What's Wayground?
Wayground (formerly Quizizz) is an education platform helping teachers drive student outcomes with tools to create content like assessments & lessons, track student understanding, content libraries and more.
Our assessments tool supports around 20+ question types, and our premium plan gives access to premium question types like Labeling, in addition to unlimited assessment creation.
Problem statement
Improve the creation and consumption experience of premium question types across the platform to build trust in our premium offering.
Labeling is a key question type for Science, Biology and Social studies and it had the highest drop of rates of all.
How Labeling QT works
Labeling is used to ask students to label diagrams and images with the correct annotations.
Old labeling experience
The old creation experience was a WYSIWYG-style that mimicked the student side interface.
Investigation and findings
Before getting started, we exhaustively investigated problems with the teacher creation and student consumption experience.
Watching 200+ Hotjar recordings of teacher and student usage. These were great for observing teachers in the wild.
Having exploratory calls where we observed relevant subject teachers create a labeling question from scratch.
Looking at analytics to understand funnel drop-offs and patterns in labeling content across our public library.
Below were some core findings from our investigation.
Taking a step back
One key observation from Hotjar and research calls was, teachers almost always start by finding or picking an image. But our WYSIWYG editor dumped everything in front of the teacher. Should image selection be the first step? What about image generation?
It was 2024, image generation models were expensive, imperfect and difficult for teachers to prompt, they were still getting used to AI.

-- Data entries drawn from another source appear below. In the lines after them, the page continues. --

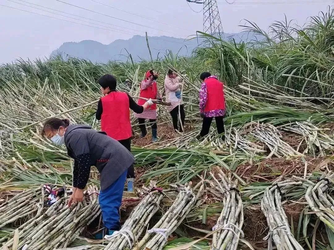 知悉这一情况后,安华“蔗娘志愿队”队长周惠芳迅速组织巾帼志愿者力量,第一时间组织41名妇女前往产业园帮忙收糖梗。“蔗娘”志愿者们不顾锋利的糖梗叶划破手脸,也暂时抛下各自的小家,在短短的5天时间内,把120亩的糖梗全部收割完毕。“我们实行分片承包,一人承包一丘,这样更有紧迫感,前几天气温低,使得糖梗甜度更好,而且这几天天气又好,要赶紧收进来加工。所以我们要铆足劲加油干,低温加好天气生产出来的食品很优质。”“蔗娘志愿队”副队长鱼晓荣说。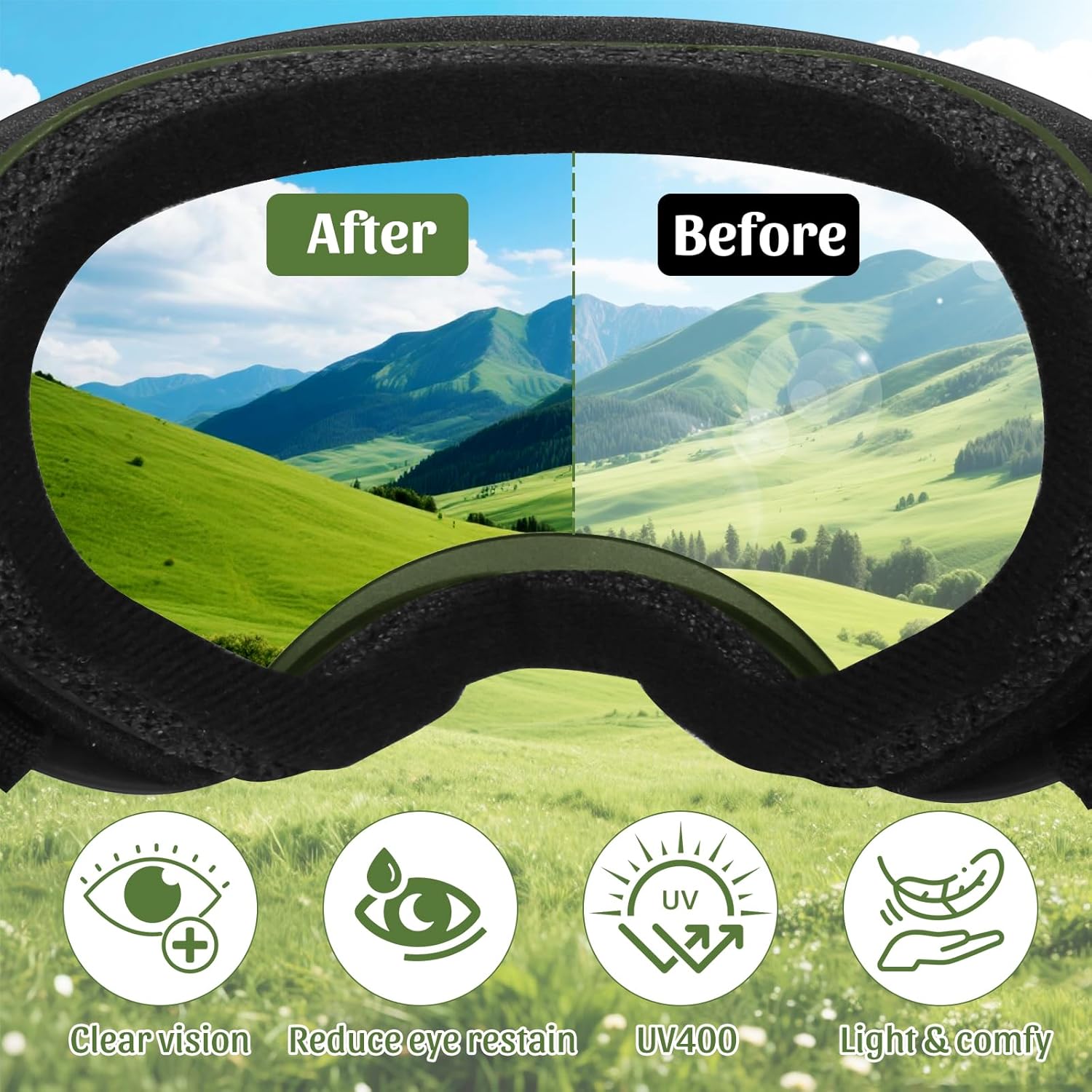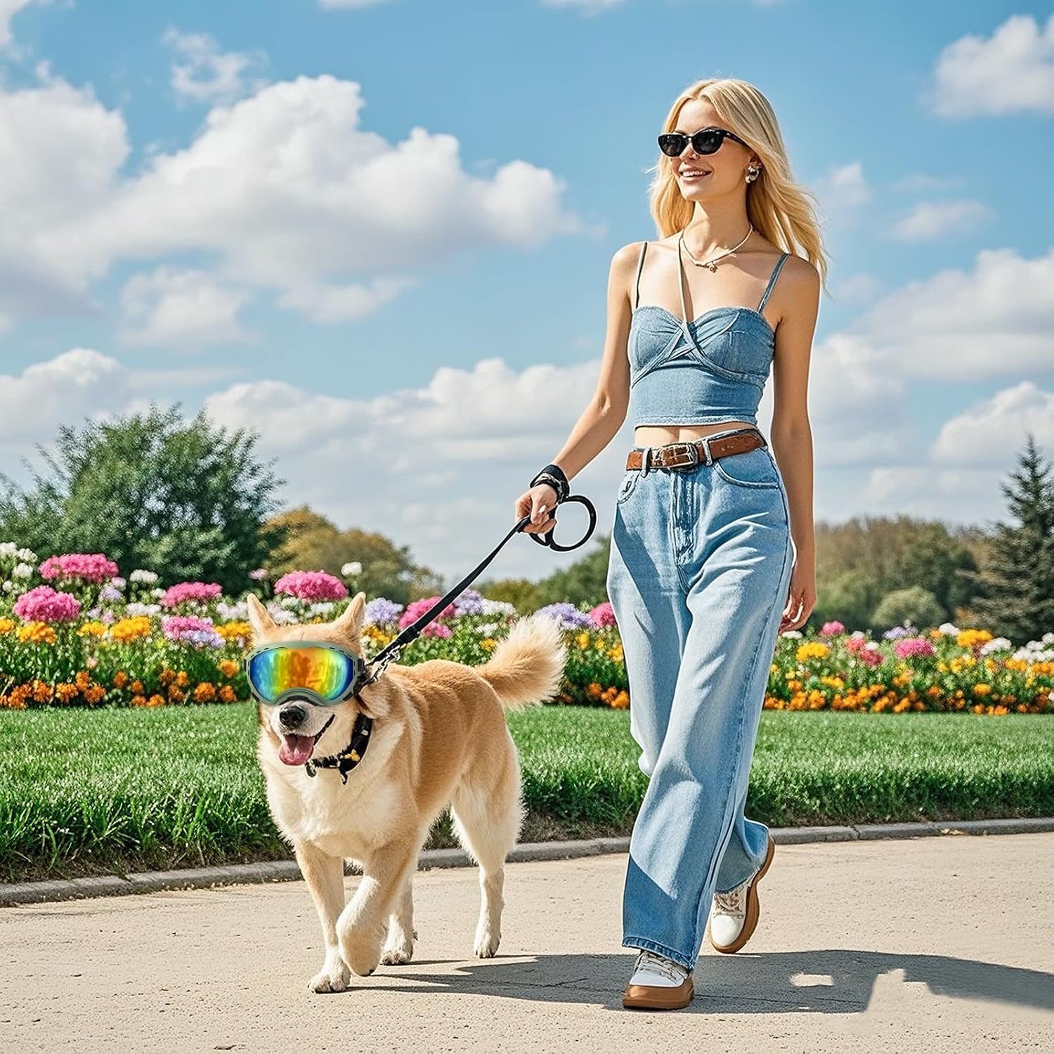 Neck strap design & PC lens: Detachable lenses and frames, Double layered adjustable straps, PC reinforced lenses, and multiple layers of sponge inside for comfortable wearing. It can prevent your dog’s glasses from falling off while running, hiking, or in windy environments.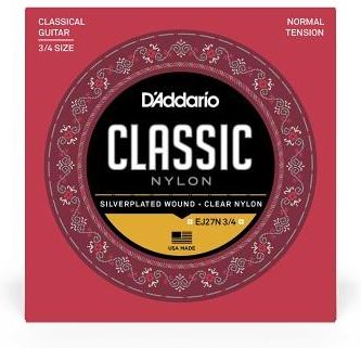 D’Addario Classic Nylon Student strings are designed specifically for beginner classical guitarists. The traditional combination of silver-plated copper wound over nylon and clear nylon trebles, brings a charmingly mellow balance, which strikes a chord with students. Classic Nylon sets are also available in smaller sizes to accommodate learner instruments. This Normal Tension 3/4 size set features our best-selling tension, made to fit 3/4 size student guitars. D'Addario's EJ27 Classic Nylon guitar strings are great for beginners, students and professionals alike. Each set contains 3 clear nylon trebles and 3 silver-plated copper wound basses for the optimal balance of warm and projecting, long lasting tone. Each set is held to same high standards as our professional string sets and may be used for all players looking for an inexpensive, but reliable set. The normal tension set is available for full and fractional 1/2 and 3/4 size classical guitars. Classic Nylon is our premier entry-level classical string, designed specifically for beginner guitarists. These strings have an optimal balance of warmth and projection that’s great for students. Classic Nylon sets feature tie ends, nylon core basses wound with silver-plated copper, and clear nylon treble strings. D’Addario Classic Nylons come with a code on the recyclable VCI bag, which you can register to earn Players Circle points. Our classical guitar strings are made in the USA—drawn to exacting specifications at our New York production facility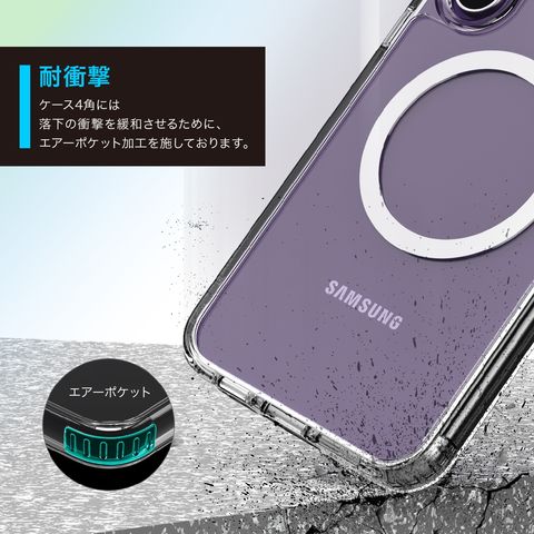 ケース4角には落下の衝撃を緩和させるために、エアーポケット加工を施しております。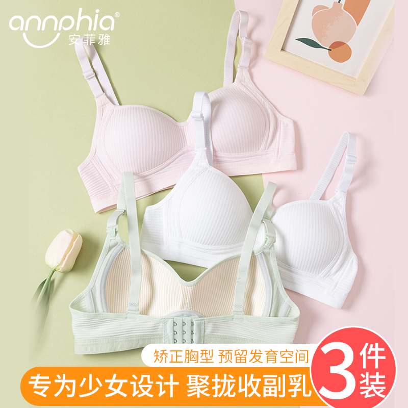 Anfia high school student girl underwear female junior high school student adolescent development period pure cotton shaped cup adjustment bra

So we decided to help teachers find the right image instead, and tore down the image selection modal into a simpler layout that emphasised Google Image Search.
Experimenting with vision models
We starting prompting to see how much intent LLMs can infer from an image selected by a teacher, and figured that we can generate labels easily.
But so many different labels can be relevant for the same image.
Image wasn’t enough, we needed to capture more intent from the teacher on “what concepts do they want to assess the student on?”
Our early iterations tried solving this by asking for a label category.
We started with asking teachers to provide the category of labels they want to generate, along with no of labels.
But we realised that no of labels and label category are closely associated. For example, “Chambers of heart” should ideally be 4 labels. It doesn’t make sense for it to be a choice, so we combined them.
I had this epiphany, Why not generate a set of questions that teacher can ask, after image selection step? Questions capture teacher's intent on what to ask perfectly, and teachers can preview the labels by hovering on the questions.
Below is the final interaction pattern we built for showing the generated results.
Improving label creation
LLMs aren't perfect and teachers should be able to edit labels and make final adjustments. We also wanted to solve for labels having a pointer.
With a pointer on the label, we had to provide a setting to change label orientation for positional control. This is helpful when students have to annotate two or more objects close to each other.
I also made a cute animated SVG to onboarding users onto the "click to add label" interaction.
Impact and learnings
The redesign meaningfully improved the creation experience for Labeling.
- Question save rate increased from 48–52% to 75%.
- Average creation time reduced from around 8 mins to 5.5–6 mins.
- AI suggestions were accepted about 1 in 3 times.
- Labeling became a great sales demo of AI being deeply integrated into product workflow.
Something to note, the top of the funnel didn’t increase meaningfully in the short run as we did not shout about these changes outside the create flow. Creation like most platforms is for niche high-frequency users. Most Wayground users only used the public library content as-is, and marketing these changes would have only added platform noise.
This case study is a basic overview, not an end-to-end deep dive.